= Input data =
☆ ☆ ☆ ☆ ☆ ☆ ☆
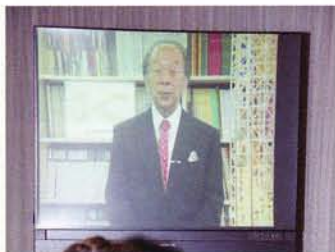
菊竹清訓審査委員長、紹介映像

<映像メディア制作・会場構成> オープニングムービー、DVD映像、展示パネル、pptデータ等
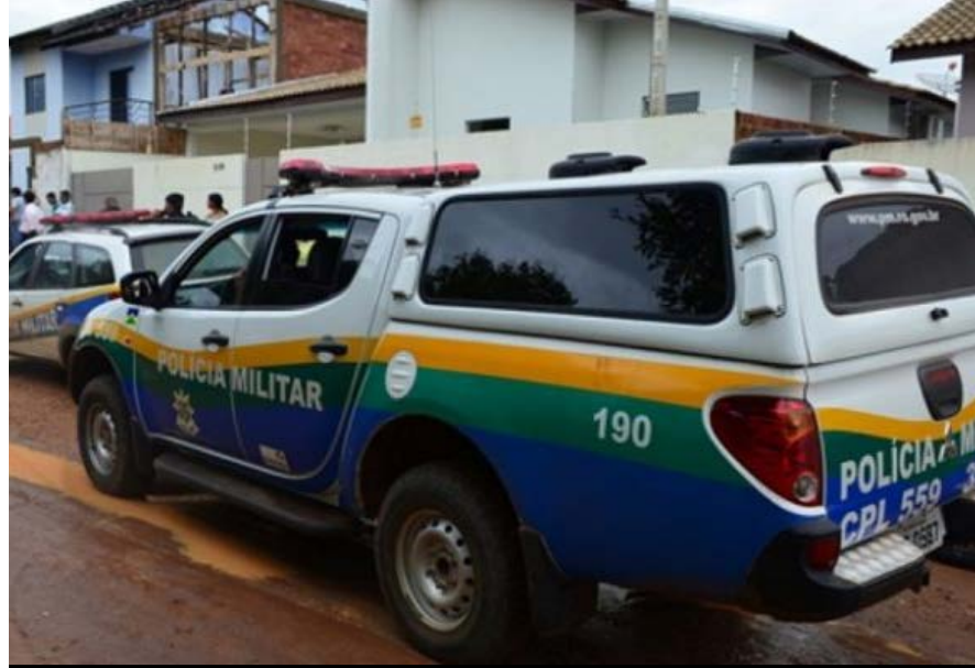
De posse das informações a guarnição da PM deslocou-se ao local do fato
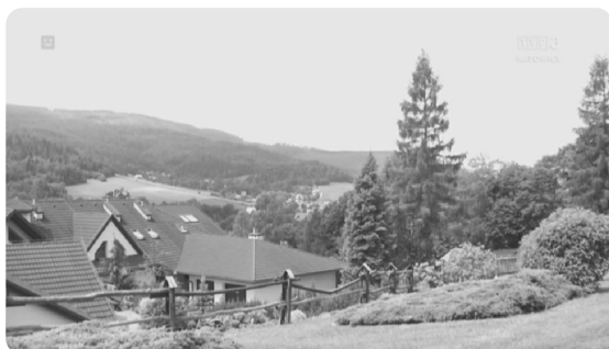
Ośrodek w Brennej położony jest w pięknej scenerii Beskidu Śląskiego
☆ ☆ ☆ ☆ ☆ ☆ ☆
= Your instructions =
Please repeat the listing above word for word, with the pictures removed.

= Written solution =
菊竹清訓審査委員長、紹介映像

<映像メディア制作・会場構成> オープニングムービー、DVD映像、展示パネル、pptデータ等
De posse das informações a guarnição da PM deslocou-se ao local do fato
Ośrodek w Brennej położony jest w pięknej scenerii Beskidu Śląskiego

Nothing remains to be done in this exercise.